In earnings results from marketers this week, which included Nestle, P&G and L’Oreal.  We saw a reversal of many of last year’s trends – out-of-home-based food sales were down significantly last year and back up massively this year, for example – but not in all.   E-commerce channels are generally continuing to grow, albeit at much lower rates than we saw during 2020, if not pre-pandemic.   We saw that Amazon’s second-quarter numbers showed an approximate 29% gain in gross merchandizing volume on its platform during the second quarter, while the much smaller Shopify posted a 40% growth in GMV.  These rates of growth were rapid, but still represented a slowdown, which should be unsurprising given the massive upsurge observed in the second quarter of last year.  Spending on advertising and marketing so far is generally up significantly from last year, but not necessarily up by much over 2019 levels, at least from the largest brand-focused marketers.

This is mirrored in second quarter reports from the media owners those large brands disproportionately rely upon to build their brands, such as AT&T where Turner Networks reported last week that it was up 49% year-over-year, but down 0.7% on a two-year average basis.  At Comcast, which reported this week, the year-over-year growth rate for its company-wide ad revenues were up 46%, but up only 0.9% on a two year basis.   France-based TF1 and M6 were up 72% and 86% respectively vs. 2Q20, but fell 4.8% on a two-year average basis at TF1 and grew 3.6% over two years at M6 – close to flat between the two of them.  UK-based ITV was up 86% in the second quarter of 2021 on an annual basis, but only rose by an M6-matching 3.6% CAGR over 2Q19.  Meanwhile, global out-of-home leader JC Decaux saw 80% growth in the second quarter of 2021, but coming against a 63% fall in the year ago period, the two year average still equated to a 19% decline.  Clear Channel Outdoor similarly grew 61% the second quarter, but coming on last year’s 55% decline the two year average was a 15% decline.

At the same time, growth from digital media reporting this week showed massive levels of expansion against year-ago periods which featured either growth or only muted declines.   Google reported 69% annual ad revenue growth on an as-reported basis, or 24% on average over two years.  Alternately we can see that they posted 71% ad revenue growth excluding all traffic acquisition costs on an annual basis, or 26% for a two-year CAGR.  Facebook may have disappointed analysts given heightened expectations with a year-over-year growth rate for advertising of 51%, but still continued to post a much faster-than-Google 30% growth rate on a two-year basis, as we can see in retrospect how Facebook’s customer base was evidently less impacted by the pandemic than Google’s was.  Amazon, of course, grew even faster and saw its advertising up by approximately 93% on our estimates.  This actually represented an acceleration over essentially all recent growth rates.  Combined the three companies saw approximately 66% ad revenue growth over last year, and a compounded annual growth rate averaging 31% over the second quarter of 2019.
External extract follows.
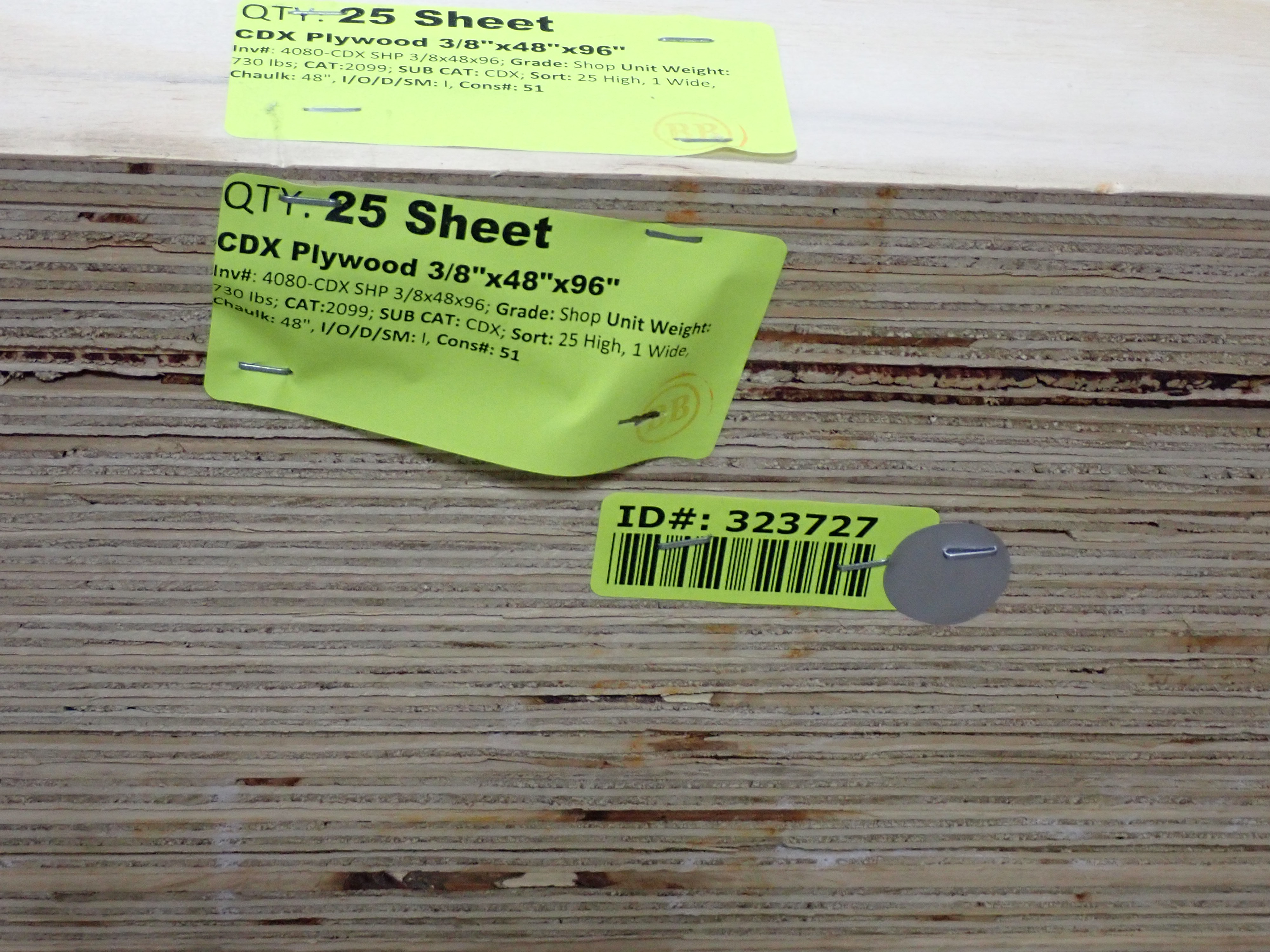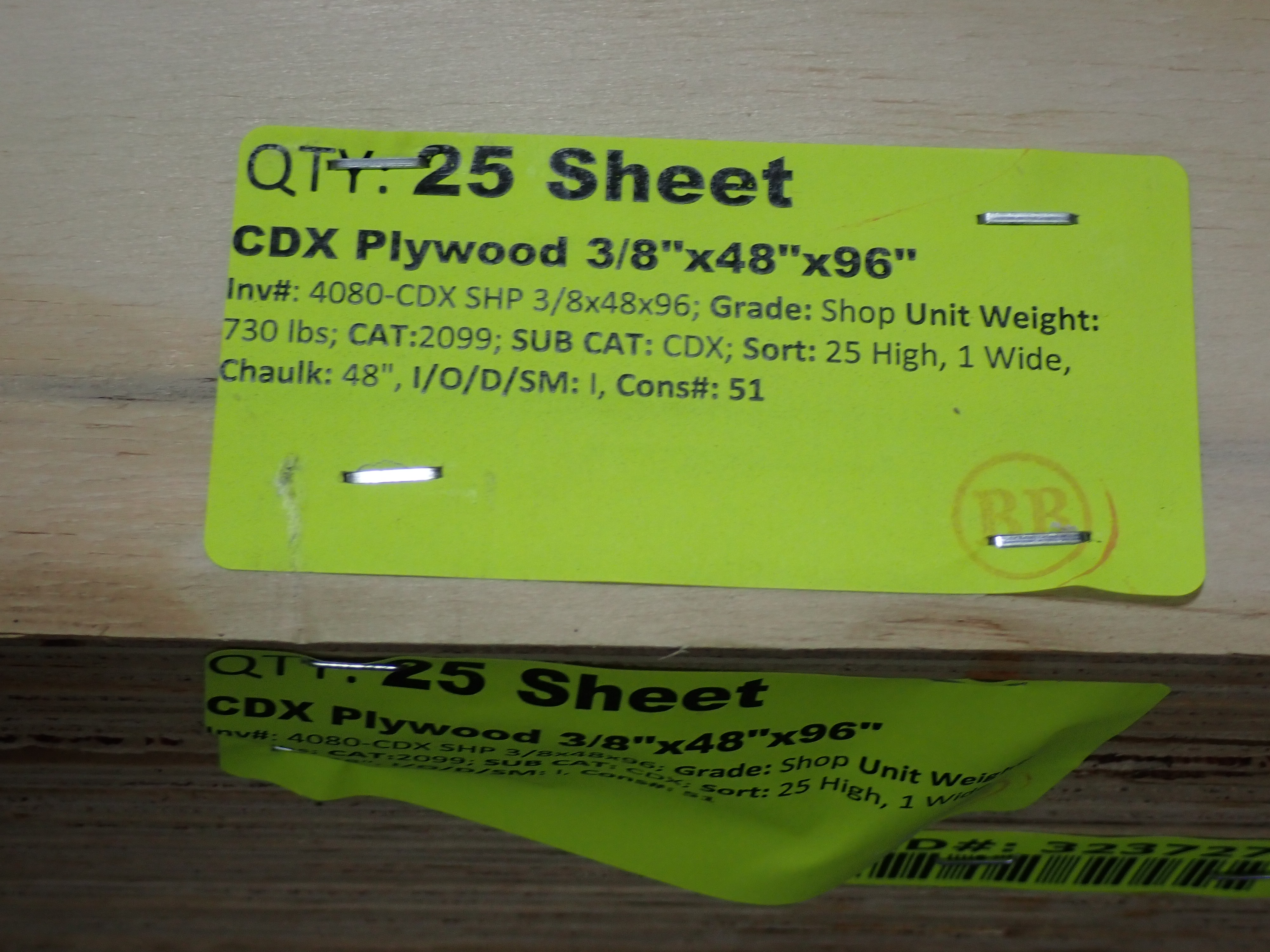 CDX Plywood 3/8" x 48" x 96". Grade: Shop *Any manufacturer warranties are NOT VALID with any purchase at our Auctions unless stated otherwise.. Weight: 730. Sold by: Sheet. Sold as: Quantity x Price.

All of these figures reinforce our prior views that other segments of marketers, which we have highlighted in previous reports, such as digital endemics, small businesses and businesses based in China who are selling abroad likely continue to drive the results we see here.
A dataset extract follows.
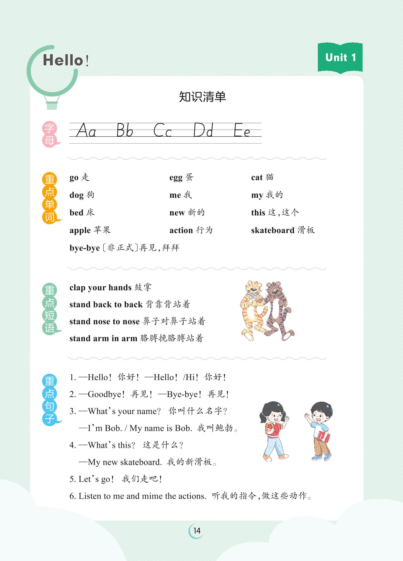 2023上册三年级英语剑桥版 Unit 1 知识清单

Of note, when we published our most recent forecast for global advertising in June we anticipated normalized (ex-US political) advertising growth of 19% this year.  Within that figure, we forecast digital advertising would grow 26%.   While the year is far from over, if each of these three companies decelerate massively and “only” grow at their two-year average in the next two quarters, we would end the year seeing 38% growth.  As other digital media companies are not exactly going away – see the rapid growth in advertising posted this week from Microsoft, which matched Google’s, or Pinterest’s, which far exceeded it – indications at this time are that despite anticipating record levels of growth across the industry this year when we published last month, those forecasts may turn out to have been conservative.